- **The records**:

# # # # # # #

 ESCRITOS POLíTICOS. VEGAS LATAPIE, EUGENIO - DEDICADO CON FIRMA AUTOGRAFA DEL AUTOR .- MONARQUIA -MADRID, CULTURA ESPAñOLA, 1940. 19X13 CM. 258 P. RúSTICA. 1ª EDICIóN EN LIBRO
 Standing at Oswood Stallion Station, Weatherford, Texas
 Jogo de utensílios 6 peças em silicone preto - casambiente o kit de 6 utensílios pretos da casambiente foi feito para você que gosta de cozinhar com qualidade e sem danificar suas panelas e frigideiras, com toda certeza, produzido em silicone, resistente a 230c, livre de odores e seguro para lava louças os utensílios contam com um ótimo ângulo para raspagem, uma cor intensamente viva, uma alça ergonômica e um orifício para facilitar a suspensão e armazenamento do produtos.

# # # # # # #

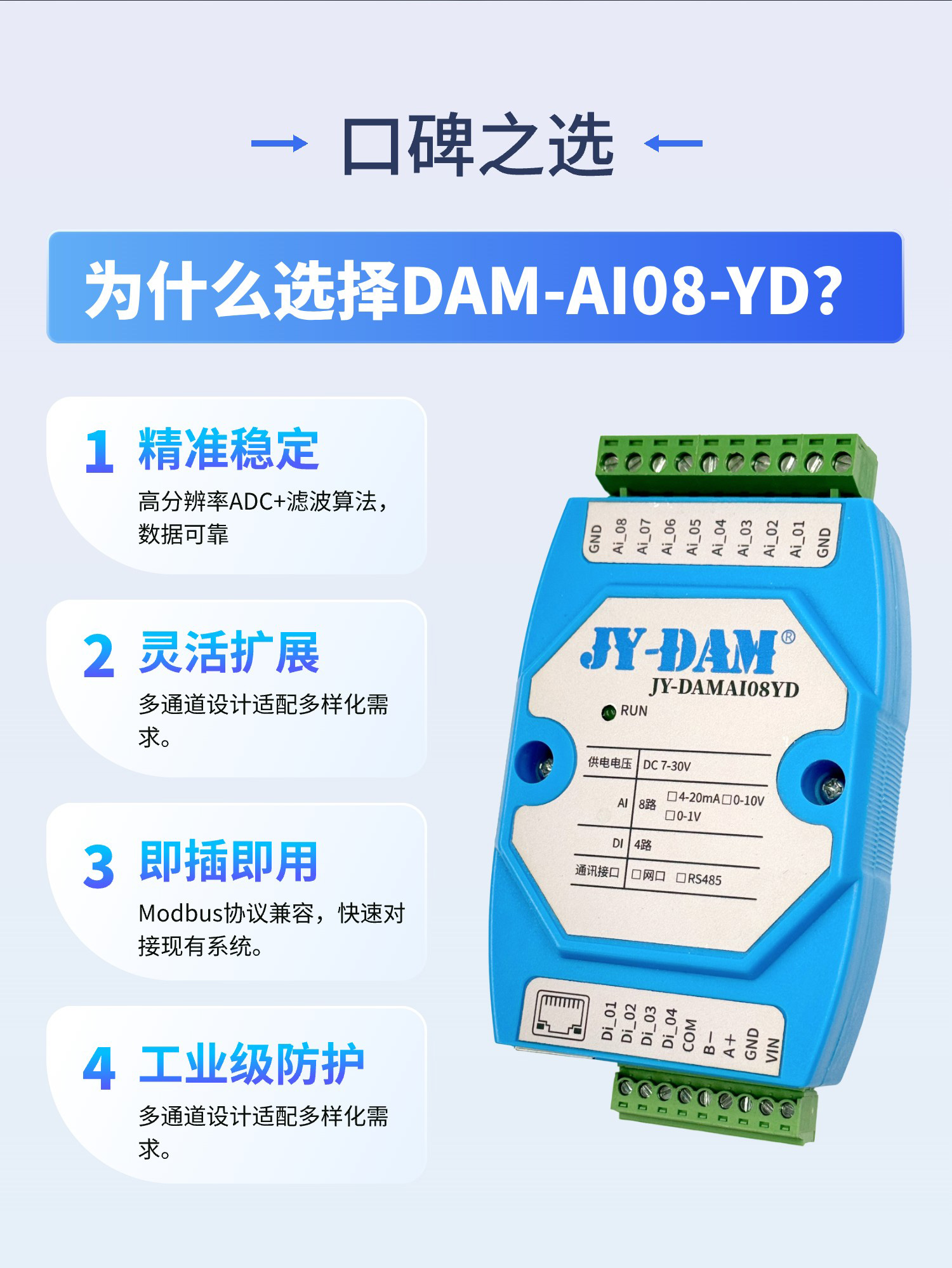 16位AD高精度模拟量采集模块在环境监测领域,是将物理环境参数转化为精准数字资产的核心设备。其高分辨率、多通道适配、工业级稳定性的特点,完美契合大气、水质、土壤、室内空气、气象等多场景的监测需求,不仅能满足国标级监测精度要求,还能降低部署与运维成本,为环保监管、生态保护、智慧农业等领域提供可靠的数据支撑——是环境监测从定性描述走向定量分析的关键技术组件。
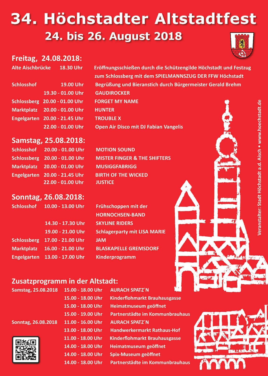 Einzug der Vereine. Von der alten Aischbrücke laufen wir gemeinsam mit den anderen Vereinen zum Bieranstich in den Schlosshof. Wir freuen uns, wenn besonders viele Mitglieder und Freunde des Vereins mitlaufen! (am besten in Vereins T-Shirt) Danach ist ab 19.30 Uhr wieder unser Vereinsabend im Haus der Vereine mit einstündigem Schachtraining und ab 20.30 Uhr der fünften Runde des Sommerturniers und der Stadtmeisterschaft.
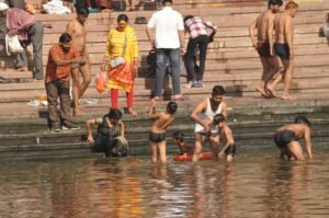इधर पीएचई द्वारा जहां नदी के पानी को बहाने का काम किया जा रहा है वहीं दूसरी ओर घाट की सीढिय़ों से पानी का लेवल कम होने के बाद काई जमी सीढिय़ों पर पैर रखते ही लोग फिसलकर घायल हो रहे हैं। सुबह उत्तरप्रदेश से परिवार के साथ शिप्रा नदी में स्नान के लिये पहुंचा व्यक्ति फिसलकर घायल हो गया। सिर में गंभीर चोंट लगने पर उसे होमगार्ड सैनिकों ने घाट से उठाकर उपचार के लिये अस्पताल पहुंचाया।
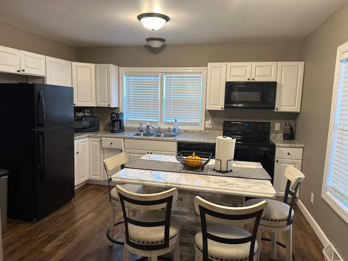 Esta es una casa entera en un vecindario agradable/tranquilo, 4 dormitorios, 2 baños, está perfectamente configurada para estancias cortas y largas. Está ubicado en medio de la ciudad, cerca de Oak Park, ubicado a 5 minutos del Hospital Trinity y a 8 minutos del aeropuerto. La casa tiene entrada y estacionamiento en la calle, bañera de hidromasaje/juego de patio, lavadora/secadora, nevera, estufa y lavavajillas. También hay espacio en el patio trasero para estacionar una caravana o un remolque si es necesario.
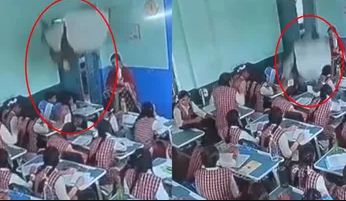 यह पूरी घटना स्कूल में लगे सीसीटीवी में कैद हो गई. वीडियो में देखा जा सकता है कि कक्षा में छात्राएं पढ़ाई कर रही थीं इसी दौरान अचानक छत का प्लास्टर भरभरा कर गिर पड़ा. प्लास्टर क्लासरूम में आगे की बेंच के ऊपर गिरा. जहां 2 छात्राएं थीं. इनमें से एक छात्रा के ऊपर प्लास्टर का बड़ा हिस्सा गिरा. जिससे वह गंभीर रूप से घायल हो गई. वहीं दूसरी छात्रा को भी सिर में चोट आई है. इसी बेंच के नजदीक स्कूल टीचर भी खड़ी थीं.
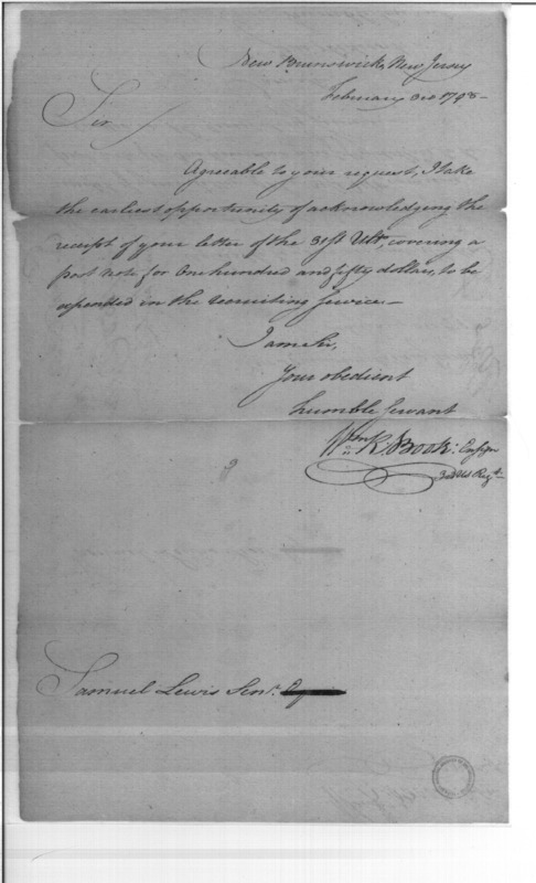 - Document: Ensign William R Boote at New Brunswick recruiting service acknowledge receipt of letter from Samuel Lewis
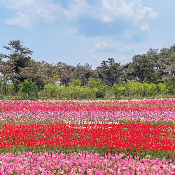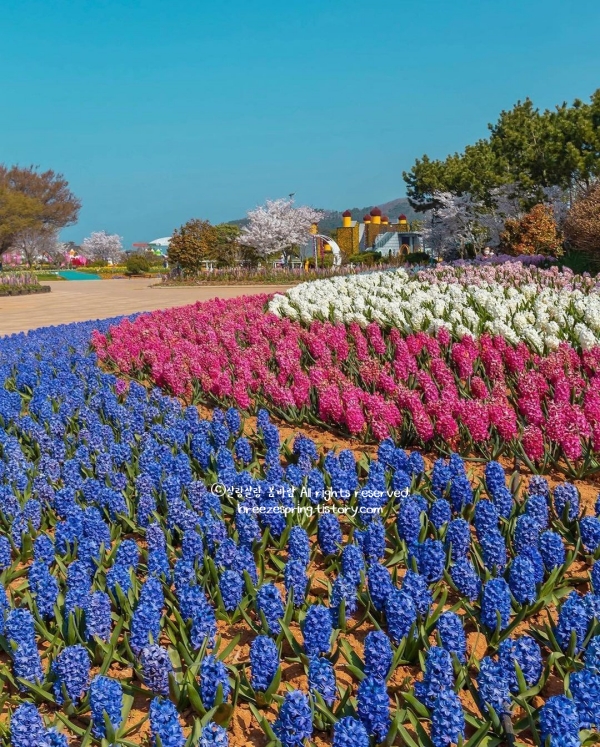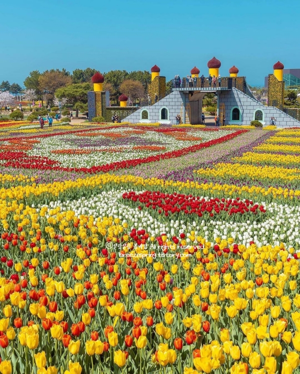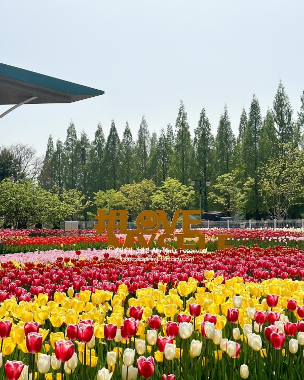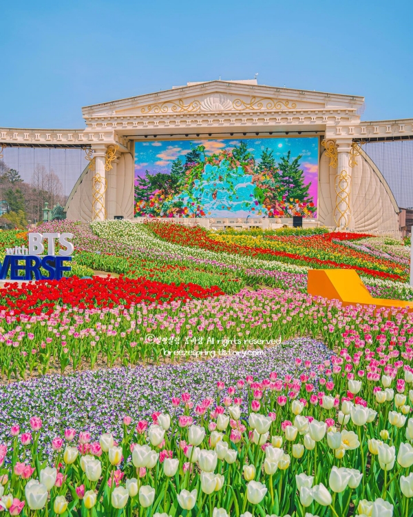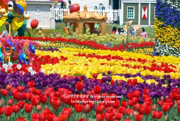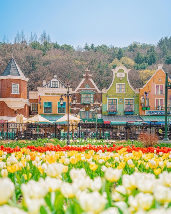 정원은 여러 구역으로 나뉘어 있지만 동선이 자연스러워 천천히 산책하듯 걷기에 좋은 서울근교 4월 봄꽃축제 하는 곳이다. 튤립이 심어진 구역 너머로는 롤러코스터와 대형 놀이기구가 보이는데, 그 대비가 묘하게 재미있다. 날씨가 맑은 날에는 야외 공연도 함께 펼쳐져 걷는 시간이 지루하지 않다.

# # # # # # #

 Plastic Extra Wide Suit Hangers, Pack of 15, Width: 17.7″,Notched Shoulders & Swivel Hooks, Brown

# # # # # # #

Output exactly one stretch of the listing: from the line containing "ESCRITOS POLíTICOS. VEGAS" through the line containing "Standing at Oswood", both end lines included.

- **Solution**:
 ESCRITOS POLíTICOS. VEGAS LATAPIE, EUGENIO - DEDICADO CON FIRMA AUTOGRAFA DEL AUTOR .- MONARQUIA -MADRID, CULTURA ESPAñOLA, 1940. 19X13 CM. 258 P. RúSTICA. 1ª EDICIóN EN LIBRO
 Standing at Oswood Stallion Station, Weatherford, Texas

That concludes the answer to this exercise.